Iraci Bezerra dos Santos Cruz, 43 anos, acusada de matar a enteada de 7 anos na Cidade Estrutural (DF), confessou à ex-patroa que também havia assassinado e queimado o corpo do ex-companheiro no Pará, em dezembro de 2023. Na ocasião, ela telefonou dizendo: “Matei. Cansei de apanhar”. Os donos da fazenda confirmaram que sabiam das agressões que Iraci sofria. A Justiça chegou a decretar sua prisão preventiva, mas o mandado só foi cumprido após o assassinato da criança, cometido com um cinto dentro da casa da família. Iraci se entregou à polícia e confessou ambos os crimes, que seguem sob investigação.
Iraci Bezerra dos Santos Cruz, 43 anos, presa por assassinar a enteada de 7 anos na Cidade Estrutural (DF), já havia cometido outro crime brutal no final de 2023: ela matou com um tiro e queimou o corpo do ex-companheiro, o caseiro Marcos Gomes, no interior do Pará. A revelação foi feita pela própria Iraci, em uma ligação telefônica para a ex-patroa, no dia do crime.
Segundo a Polícia Civil do Pará (PCPA), Iraci trabalhava e morava com o marido em uma fazenda no distrito de Castelo dos Sonhos, em Altamira. Logo após matar Marcos, ela telefonou para a esposa do dono da propriedade e confessou: “Matei. Cansei de apanhar. Eu matei ele lá, pode chamar a polícia.”
Os proprietários da fazenda confirmaram às autoridades que sabiam que Marcos agredia a mulher com frequência. Depois do homicídio, Iraci queimou o corpo da vítima e parte da arma utilizada: uma espingarda calibre 28, pertencente ao próprio Marcos. No local, a polícia encontrou a arma carbonizada com as digitais da suspeita, além de uma mala com roupas e documentos deixada para trás. Após o crime, ela desapareceu da região.

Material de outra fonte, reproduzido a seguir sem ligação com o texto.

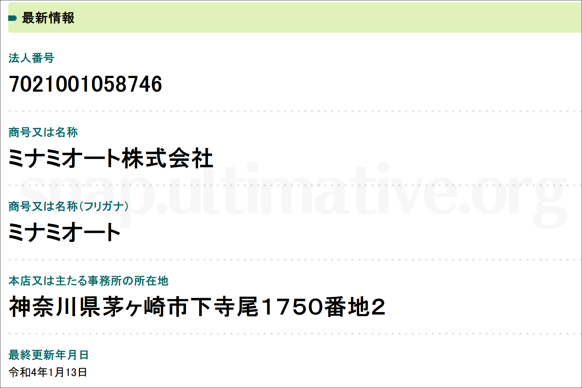 神奈川県茅ヶ崎市下寺尾1750番地2(登記簿上の住所)
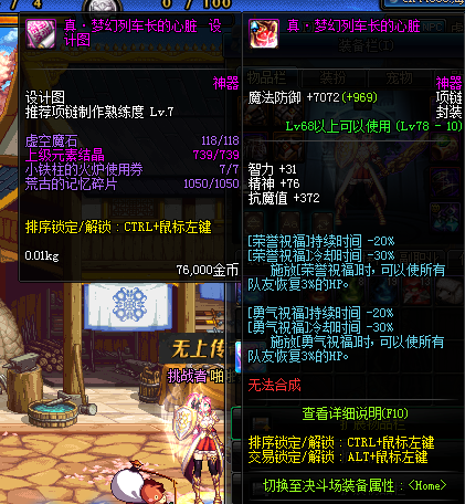 再来说下另外一个材料,荒古记忆碎片这个材料很多人都不知道这玩意除了能用来换传说装备还能用来干嘛,在这里我就来告诉你们一个换钱的方法,就是赚奶妈的钱!用这个真.梦幻列车长的心脏设计图。设计出来就能赚!我来给你们算下设计图的成本.118个虚空魔石*1670单价=19.7w 739个上级*750单价=55.4w 小铁柱的火炉使用卷7张*100w单价=700w 设计图拍卖行是620w 全部加起来=1395w成本 。

Com base nas evidências, o Ministério Público do Pará solicitou a prisão preventiva da acusada, que foi autorizada pela Justiça. Entretanto, o mandado só foi cumprido quase um ano depois, quando Iraci voltou a matar, desta vez, a enteada Rafaela Marinho de Souza, de 7 anos, na última sexta-feira (21).
Assassinato da enteada
De acordo com a Polícia Civil do Distrito Federal (PCDF), Iraci utilizou um cinto para enforcar a criança e deixou o corpo pendurado em uma pilastra dentro da casa onde a família vivia. Após cometer o crime, ela caminhou até a 8ª Delegacia de Polícia, na Cidade Estrutural, e se entregou espontaneamente, confessando o assassinato.

Informações preliminares indicam que a motivação pode estar relacionada a ciúmes que Iraci teria da relação entre o marido e a própria filha.
Com a prisão, a polícia também identificou o mandado aberto pelo homicídio de Marcos Gomes, cometido em 17 de dezembro de 2023. As investigações seguem em andamento nos dois estados.